## Assignment
Set every record down again exactly. Do not carry over the pictures.
=== Information ===
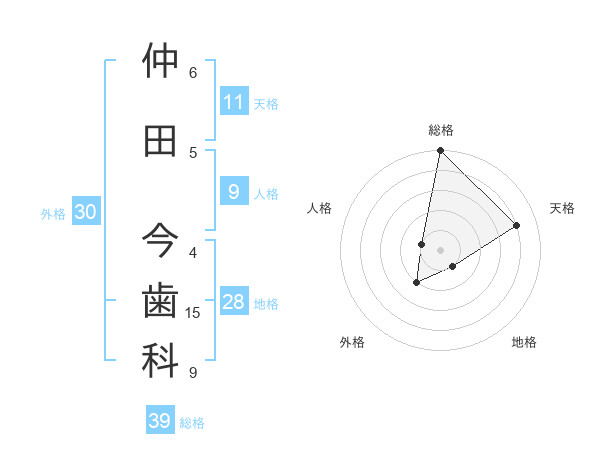 仲田 今歯科さんの総格は39画の5点!
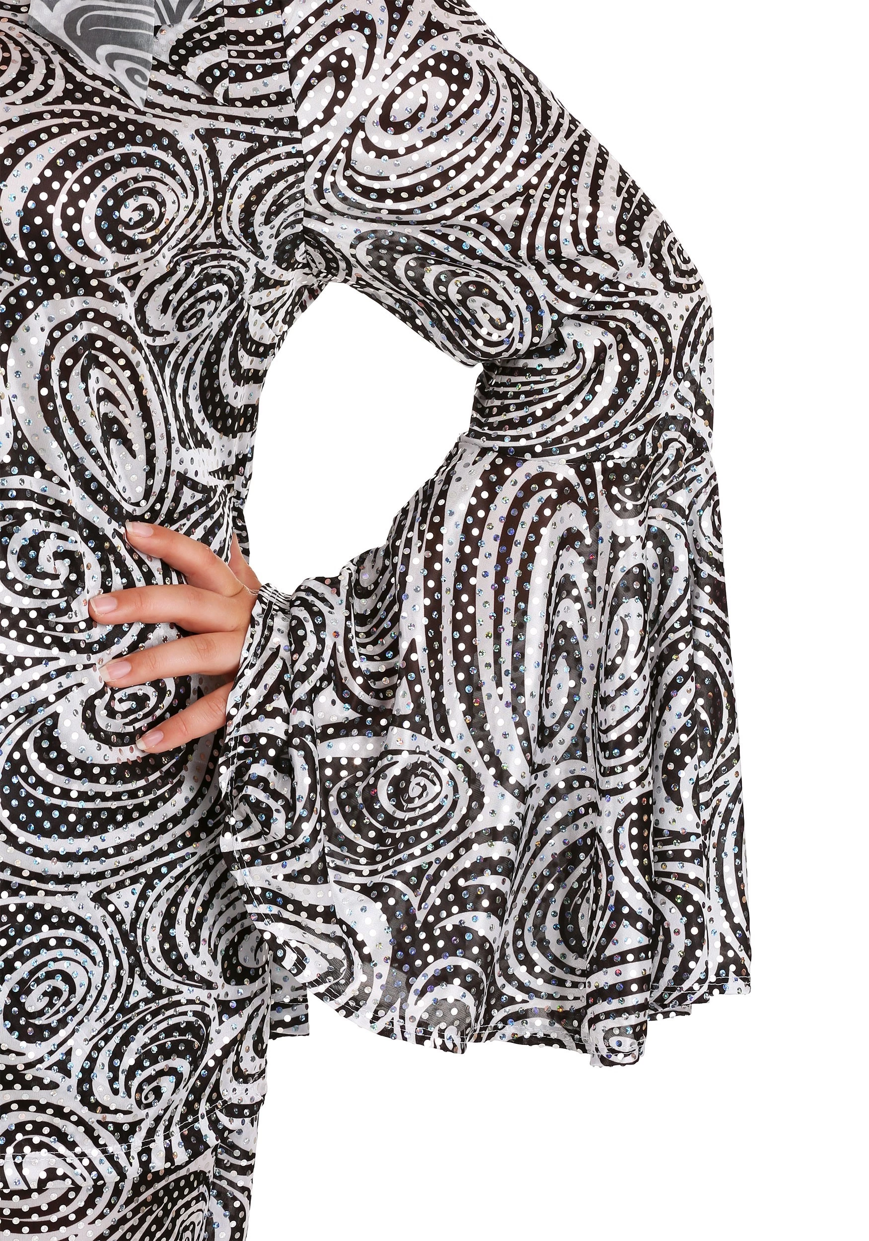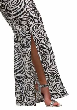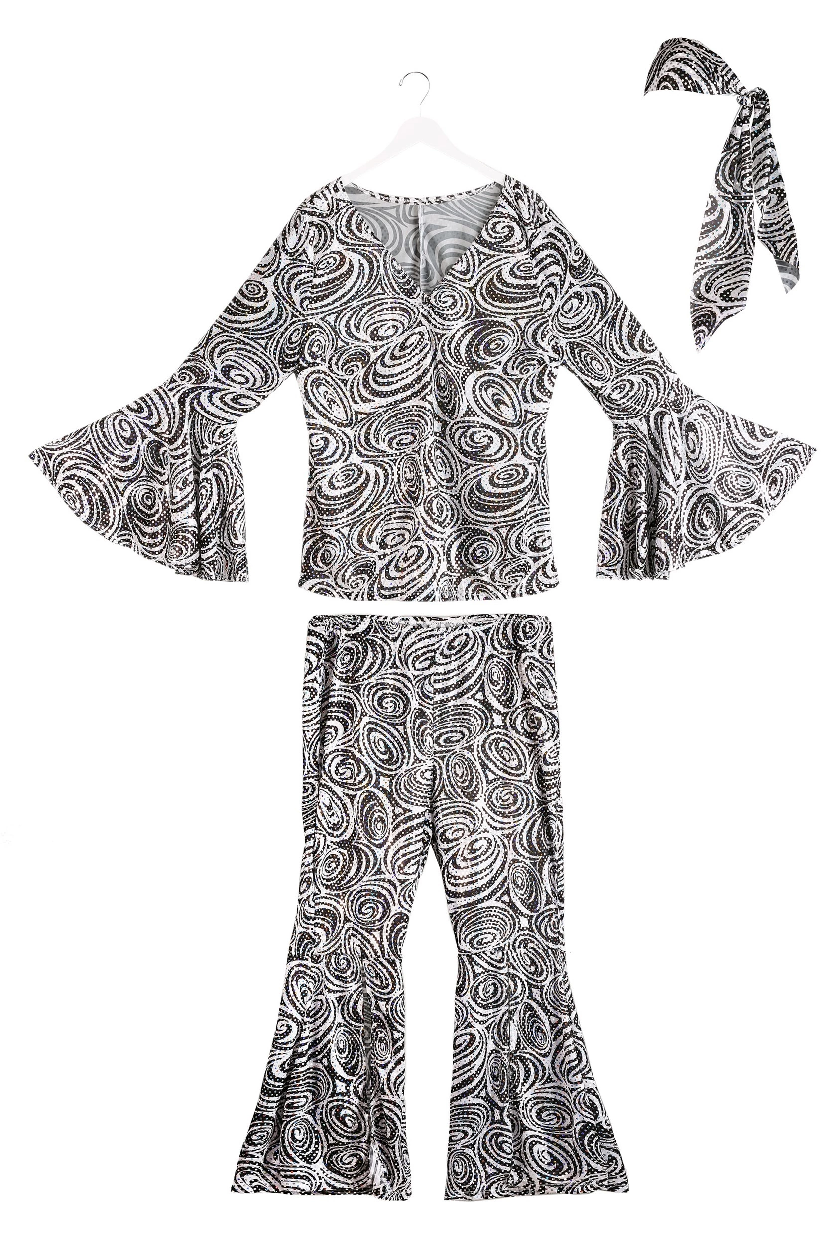 All of the other dancers will also be blown away by how wicked your costume looks, your moves are going to look fantastic, no matter what! The matching blouse and pants are covered with far-out printed swirl patterns and flashy sequins, and flare out on the sleeves and legs, to get everyone in the dancing mood. Style your hair into a fierce 70’s do, or grab a funky retro wig, and tie the matching hair scarf around it, and you’ll be the foxiest lady under the disco ball! Make sure you have all of your disco dance moves down pat, since you’ll need some serious skills on the dance floor when you wear this outfit.
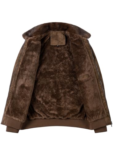 HOOD CREW Mens Faux Suede Bomber Jacket Fur Collar Vintage Leather Jackets Casual Lightweight Winter Warm Fleece Lined Coat 5
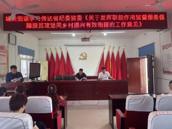 5月26日上午,城关街道组织全体干部职工召开会议,传达省纪委监委《关于发挥职能作用监督服务保障脱贫攻坚同乡村振兴有效衔接的工作意见》文件精神。
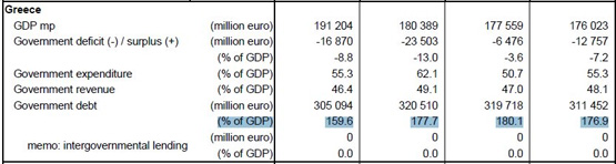Συγκεκριμένα, το δημόσιο χρέος διαμορφώθηκε το προηγούμενο έτος στο 176,9% του ΑΕΠ δηλαδή στα 311,5 δισ. ευρώ από το 180% επί του ΑΕΠ (319,7 δισ. ευρώ) το 2014.
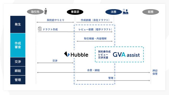GVA TECHとHubbleでは、テレワーク中でも円滑に契約書審査業務ができるように法務部の皆さまを支援して参ります。
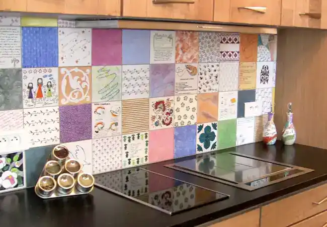 - Cuisine personnalisée par des carreaux de faïence peint dans un style patchwork (PRIX SUR DEVIS).
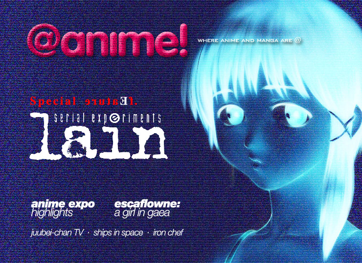 Ready for anime reviews? Well, in addition to the Serial Experiments Lain feature, we have Juubei-chan TV, complete with some major ninja-style action. Then, from the @a! LD Box, Scott takes us on a trip through Tokimeki Memorial OVA 1. Want to see if the Pokémon craze can have a follow up? Check out the Digimon Adventures!
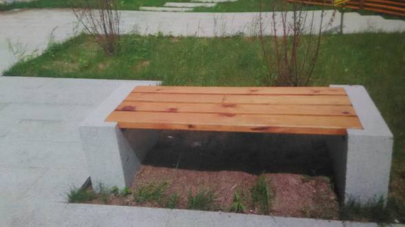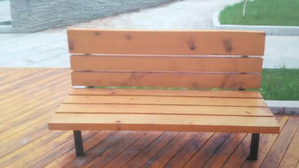 (2)石墩底座、钢方管骨架,座位用2000*100*50樟木板刨光后安装,刷封闭底漆两遍,刷面漆两遍。数量10个。附该样式园林椅照片:
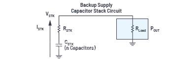 關于設計中的可用電能有一些提示說明。由于堆疊式超級電容的ESR固定不變,所以在備份操作期間唯一變化的值就是堆棧電壓,當然也包括堆棧電流。
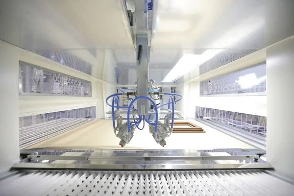 Демонстрируется Bravorobotпокрасочный робот с трёхмерным считыванием деталей, служащий для высококачественного распыления лакокрасочного материала на панели, в том числе специфической формы и со сложным профилем боковых сторон. Робот Maestro представляет собой законченное решение высокого уровня для покраски рамных изделий. Высокой оценки заслуживают также ультрафиолетовые системы Led Matrix, очерчивающие новые горизонты в сфере полимеризации лакокрасочных материалов с УФ-отверждением, - разумный выбор для тех, кто обращает особое внимание на сокращение расхода энергии.
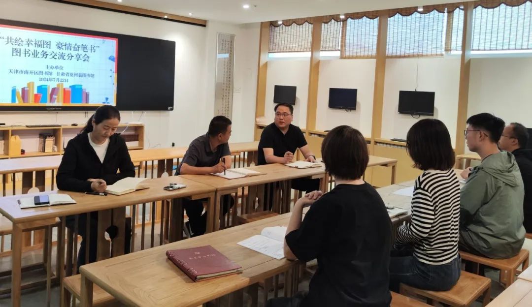 随后,两地图书馆同仁还开展了图书业务交流分享会。在会上,双方围绕图书馆业务管理、阅读推广活动的策划与实施等工作进行了深入探讨和经验交流。通过面对面的沟通与互动,双方分享了各自的工作经验和工作理念,就如何更好地服务读者、提升图书馆的社会影响力、使用率等问题进行了充分的意见交换。
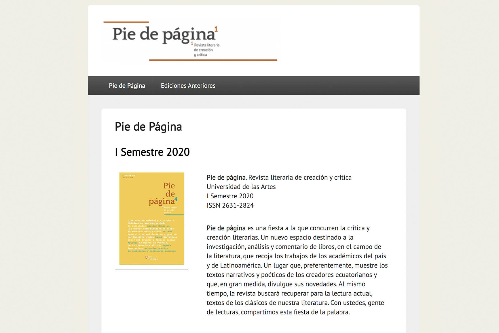 La descripción consta en el sitio web de la revista (http://piedepagina.uartes.edu.ec/), la cual se edita desde la Escuela de Literatura de la Universidad de las Artes y cuyo nuevo número –el quinto– será dado a conocer en la jornada inaugural de la VI edición del Encuentro de Editores Independientes Libre Libro 2020, programada para este miércoles 16 de diciembre, a partir de las 19:00. La cita que, por primera vez y dadas las circunstancias de la pandemia por el COVID-19, es virtual, se extenderá hasta el viernes 18.
===
## Output for this exercise
 仲田 今歯科さんの総格は39画の5点!
 All of the other dancers will also be blown away by how wicked your costume looks, your moves are going to look fantastic, no matter what! The matching blouse and pants are covered with far-out printed swirl patterns and flashy sequins, and flare out on the sleeves and legs, to get everyone in the dancing mood. Style your hair into a fierce 70’s do, or grab a funky retro wig, and tie the matching hair scarf around it, and you’ll be the foxiest lady under the disco ball! Make sure you have all of your disco dance moves down pat, since you’ll need some serious skills on the dance floor when you wear this outfit.
 HOOD CREW Mens Faux Suede Bomber Jacket Fur Collar Vintage Leather Jackets Casual Lightweight Winter Warm Fleece Lined Coat 5
 5月26日上午,城关街道组织全体干部职工召开会议,传达省纪委监委《关于发挥职能作用监督服务保障脱贫攻坚同乡村振兴有效衔接的工作意见》文件精神。
Συγκεκριμένα, το δημόσιο χρέος διαμορφώθηκε το προηγούμενο έτος στο 176,9% του ΑΕΠ δηλαδή στα 311,5 δισ. ευρώ από το 180% επί του ΑΕΠ (319,7 δισ. ευρώ) το 2014.
GVA TECHとHubbleでは、テレワーク中でも円滑に契約書審査業務ができるように法務部の皆さまを支援して参ります。
 - Cuisine personnalisée par des carreaux de faïence peint dans un style patchwork (PRIX SUR DEVIS).
 Ready for anime reviews? Well, in addition to the Serial Experiments Lain feature, we have Juubei-chan TV, complete with some major ninja-style action. Then, from the @a! LD Box, Scott takes us on a trip through Tokimeki Memorial OVA 1. Want to see if the Pokémon craze can have a follow up? Check out the Digimon Adventures!
 (2)石墩底座、钢方管骨架,座位用2000*100*50樟木板刨光后安装,刷封闭底漆两遍,刷面漆两遍。数量10个。附该样式园林椅照片:
 關于設計中的可用電能有一些提示說明。由于堆疊式超級電容的ESR固定不變,所以在備份操作期間唯一變化的值就是堆棧電壓,當然也包括堆棧電流。
 Демонстрируется Bravorobotпокрасочный робот с трёхмерным считыванием деталей, служащий для высококачественного распыления лакокрасочного материала на панели, в том числе специфической формы и со сложным профилем боковых сторон. Робот Maestro представляет собой законченное решение высокого уровня для покраски рамных изделий. Высокой оценки заслуживают также ультрафиолетовые системы Led Matrix, очерчивающие новые горизонты в сфере полимеризации лакокрасочных материалов с УФ-отверждением, - разумный выбор для тех, кто обращает особое внимание на сокращение расхода энергии.
 随后,两地图书馆同仁还开展了图书业务交流分享会。在会上,双方围绕图书馆业务管理、阅读推广活动的策划与实施等工作进行了深入探讨和经验交流。通过面对面的沟通与互动,双方分享了各自的工作经验和工作理念,就如何更好地服务读者、提升图书馆的社会影响力、使用率等问题进行了充分的意见交换。
 La descripción consta en el sitio web de la revista (http://piedepagina.uartes.edu.ec/), la cual se edita desde la Escuela de Literatura de la Universidad de las Artes y cuyo nuevo número –el quinto– será dado a conocer en la jornada inaugural de la VI edición del Encuentro de Editores Independientes Libre Libro 2020, programada para este miércoles 16 de diciembre, a partir de las 19:00. La cita que, por primera vez y dadas las circunstancias de la pandemia por el COVID-19, es virtual, se extenderá hasta el viernes 18.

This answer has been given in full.